Based on our previous study, the kernel matrix transformed by Cosine kernel was analogous to the numerator relationship G matrix, which had a well-matched performance for the G matrix, with time consumption reduced by 20 times [37]. In this research, we choose the Cosine kernel to transform original genomic and transcriptomic data:

$$K\left({x}_{i},{x}_{j}\right)=\frac{\langle {x}_{i},{x}_{j}\rangle }{\Vert {x}_{i}\Vert *\Vert {x}_{j}\Vert }=\frac{{\sum }_{1}^{n}{x}_{i}{x}_{j}}{\sqrt{\sum_{1}^{n}{x}_{i}^{2}}\sqrt{\sum_{1}^{n}{x}_{j}^{2}}}$$

For the G matrix, \({x}_{i}\) and \({x}_{j}\) were the feature vectors of individual i and j in an m-dimensional feature space, respectively, where m is the number of SNPs. For the T matrix, \({x}_{i}\) and \({x}_{j}\) were the \(1\times\boldsymbol n\) vector and was kernelized in an n-dimensional feature space, where n is the number of genes. The G matrix and T matrix were measured by the cosine of the angle between two vectors, and the regularization factor C was determined by gird search as 0.05 in our previous study.

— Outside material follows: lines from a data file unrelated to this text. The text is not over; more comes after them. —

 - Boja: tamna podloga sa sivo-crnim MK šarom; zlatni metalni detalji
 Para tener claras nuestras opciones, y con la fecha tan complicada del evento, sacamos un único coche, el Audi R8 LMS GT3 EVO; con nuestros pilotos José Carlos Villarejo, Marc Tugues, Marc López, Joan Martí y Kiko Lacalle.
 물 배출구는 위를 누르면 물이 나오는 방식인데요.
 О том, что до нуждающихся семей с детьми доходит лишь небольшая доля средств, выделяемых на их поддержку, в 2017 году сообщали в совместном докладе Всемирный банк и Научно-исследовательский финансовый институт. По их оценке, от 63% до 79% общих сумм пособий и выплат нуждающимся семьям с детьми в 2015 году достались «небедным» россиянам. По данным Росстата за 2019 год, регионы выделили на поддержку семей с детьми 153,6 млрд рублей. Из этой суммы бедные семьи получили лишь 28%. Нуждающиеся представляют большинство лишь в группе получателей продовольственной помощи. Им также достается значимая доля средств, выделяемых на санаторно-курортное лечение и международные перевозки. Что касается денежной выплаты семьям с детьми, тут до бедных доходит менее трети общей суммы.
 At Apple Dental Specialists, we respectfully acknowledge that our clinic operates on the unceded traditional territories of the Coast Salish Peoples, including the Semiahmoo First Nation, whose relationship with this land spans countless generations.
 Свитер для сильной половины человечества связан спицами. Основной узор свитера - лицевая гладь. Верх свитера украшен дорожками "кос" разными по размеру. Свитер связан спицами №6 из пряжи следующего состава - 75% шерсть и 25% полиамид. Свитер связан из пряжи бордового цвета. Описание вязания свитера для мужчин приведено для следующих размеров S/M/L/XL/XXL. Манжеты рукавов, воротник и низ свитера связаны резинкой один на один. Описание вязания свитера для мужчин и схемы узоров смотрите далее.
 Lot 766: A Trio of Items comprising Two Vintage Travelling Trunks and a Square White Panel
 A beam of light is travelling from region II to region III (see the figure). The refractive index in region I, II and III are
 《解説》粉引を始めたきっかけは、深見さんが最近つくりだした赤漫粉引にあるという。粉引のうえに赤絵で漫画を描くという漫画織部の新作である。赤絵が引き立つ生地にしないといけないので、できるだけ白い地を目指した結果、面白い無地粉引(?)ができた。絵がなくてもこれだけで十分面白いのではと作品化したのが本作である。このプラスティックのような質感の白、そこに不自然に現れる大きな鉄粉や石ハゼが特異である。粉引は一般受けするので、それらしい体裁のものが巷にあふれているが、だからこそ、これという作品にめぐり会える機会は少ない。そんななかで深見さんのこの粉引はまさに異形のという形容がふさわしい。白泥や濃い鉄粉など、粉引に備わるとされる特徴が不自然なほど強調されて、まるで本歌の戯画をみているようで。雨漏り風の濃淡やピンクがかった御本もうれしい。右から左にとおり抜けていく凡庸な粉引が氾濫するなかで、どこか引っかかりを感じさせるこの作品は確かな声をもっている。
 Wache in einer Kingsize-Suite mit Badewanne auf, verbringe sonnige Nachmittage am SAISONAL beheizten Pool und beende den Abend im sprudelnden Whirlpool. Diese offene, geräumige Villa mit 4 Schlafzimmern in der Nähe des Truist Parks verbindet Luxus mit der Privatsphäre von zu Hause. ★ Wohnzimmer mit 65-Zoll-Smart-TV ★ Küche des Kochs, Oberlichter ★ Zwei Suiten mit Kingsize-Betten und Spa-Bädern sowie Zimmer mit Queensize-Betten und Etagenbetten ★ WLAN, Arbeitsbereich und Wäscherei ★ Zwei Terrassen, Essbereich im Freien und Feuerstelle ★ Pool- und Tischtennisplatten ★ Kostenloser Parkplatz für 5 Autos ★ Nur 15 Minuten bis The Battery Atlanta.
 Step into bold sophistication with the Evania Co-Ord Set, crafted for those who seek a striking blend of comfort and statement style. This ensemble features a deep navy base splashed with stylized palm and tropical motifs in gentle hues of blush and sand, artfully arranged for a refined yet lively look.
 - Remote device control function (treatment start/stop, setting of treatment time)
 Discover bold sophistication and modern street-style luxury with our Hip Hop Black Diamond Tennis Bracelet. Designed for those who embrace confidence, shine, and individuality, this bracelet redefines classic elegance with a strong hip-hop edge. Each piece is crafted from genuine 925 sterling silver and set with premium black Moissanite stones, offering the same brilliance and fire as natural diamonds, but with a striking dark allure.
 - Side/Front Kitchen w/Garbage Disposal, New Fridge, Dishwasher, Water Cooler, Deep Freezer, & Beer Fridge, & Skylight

Multi-omics best linear unbiased prediction (MBLUP)

For experimental populations who have both genomic and transcriptomic data (120 individuals), we defined an MBLUP, where the M matrix was used to replace the G matrix in traditional GBLUP equations. Here, the \(\boldsymbol M=\mathrm{ratio}\times\boldsymbol G+(1-\mathrm{ratio})\times\boldsymbol T\)) and the gradient of weight parameter ratio were set as 0.01–0.99 to gain the optimum predictive accuracies for each trait. The MBLUP was equivalent to TBLUP when the ratio was 0 and was comparable to GBLUP when the ratio was 1.

Multi-omics single-step best linear unbiased prediction (mssBLUP)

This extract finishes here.